There are also questions in the community about the ethics of BBBS’s campaigning, and whether they are abiding by the rules.

This week, Paula Januzzi-Godfrey, a Glenn Elementary School librarian and 2020 school board candidate, told the INDY she received a text Monday morning from a teacher at Merrick-Moore Elementary. The teacher had requested donations of copy paper on her neighborhood listserv and received some reams of paper at the school with stickers of the BBBS candidates’ faces, Januzzi-Godfrey told the INDY in an email.

“When I was running for school board it was made clear that I was not allowed to campaign, wear a button or sticker for my campaign on school premises, and no other teachers could either,” Januzzi-Godfrey wrote.

Based on some of the candidates’ social media posts, the BBBS slate might be best described with the letter Q followed by “Anon.”

Consider that Joetta MacMiller, who is campaigning for the Consolidated District B seat, announced on January 5, 2021, on social media that she had “arrived in DC” at the “Stop the Steal’’ rally that morphed into violence at the US Capitol, where a mob thought it apt to attack police officers and smear feces on the walls.

“It is going to be WILD!!!!!” MacMiller announced, echoing the words of the January 6 insurrection’s chief instigator, Donald Trump, who on December 19 tweeted, “Big protest in D.C. on January 6th. Be there, will be wild!”

One day later, MacMiller announced, “My group got tear gased [sic] but we are safe and on our way home to NC.”

MacMiller could not be reached for comment.

In late January, MacMiller and Proud Boy member John Fischer—who is running for a seat on the Johnston County school board—were among the attendees of a statewide education forum held by the far-right groups Education First NC, Moms for Liberty, and No Left Turn in Education.

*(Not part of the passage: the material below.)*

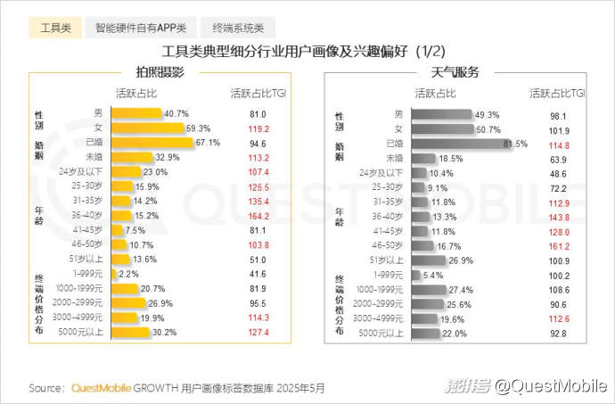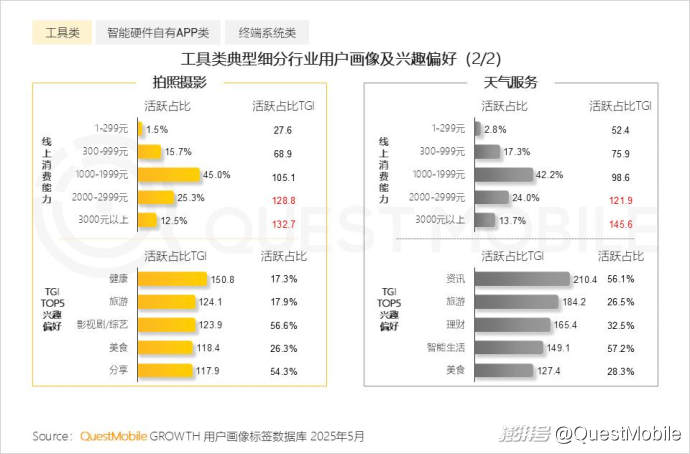 QuestMobile數據顯示,拍照攝影類媒介活躍用戶對健康、旅游興趣偏好更強,與健康生活、戶外出行場景息息相關。

No Left Turn describes itself as “a movement to combat racial indoctrination in our K thru 12 education system.”

District 1 candidate Curtis Hrischuk is a Canadian immigrant who registered to vote for the first time in December.

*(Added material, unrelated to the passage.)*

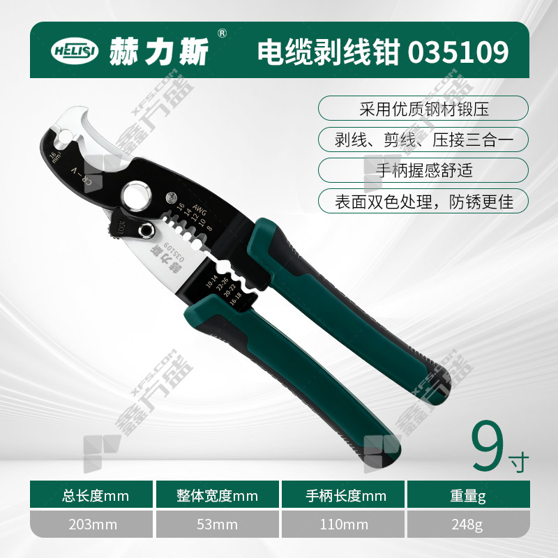 赫力斯 多功能电缆剥线钳 1.3-3.2-50mm2-9" 035109

Hrischuk, in an email to the INDY, derided a description of him by EQV Analytics as “an evangelical Catholic” who “reveals himself on Facebook to be an antisemitic, climate-denying, anti-vaxx creationist in favor of starving local governments (including our public schools) of revenue.”

Hrischuk told the INDY that he views “eqvanalytics.com as a satire or humor site and they aren’t worth my attention.”

An INDY review of Hrischuk’s Facebook page shows that on August 30, 2016, he posted a Breitbart story about George Soros “manipulating [the] government for his own very sick agenda.” The Breitbart story claims that Soros was an unseen participant in efforts to reform law enforcement agencies after Black people across the country died at the hands of the police.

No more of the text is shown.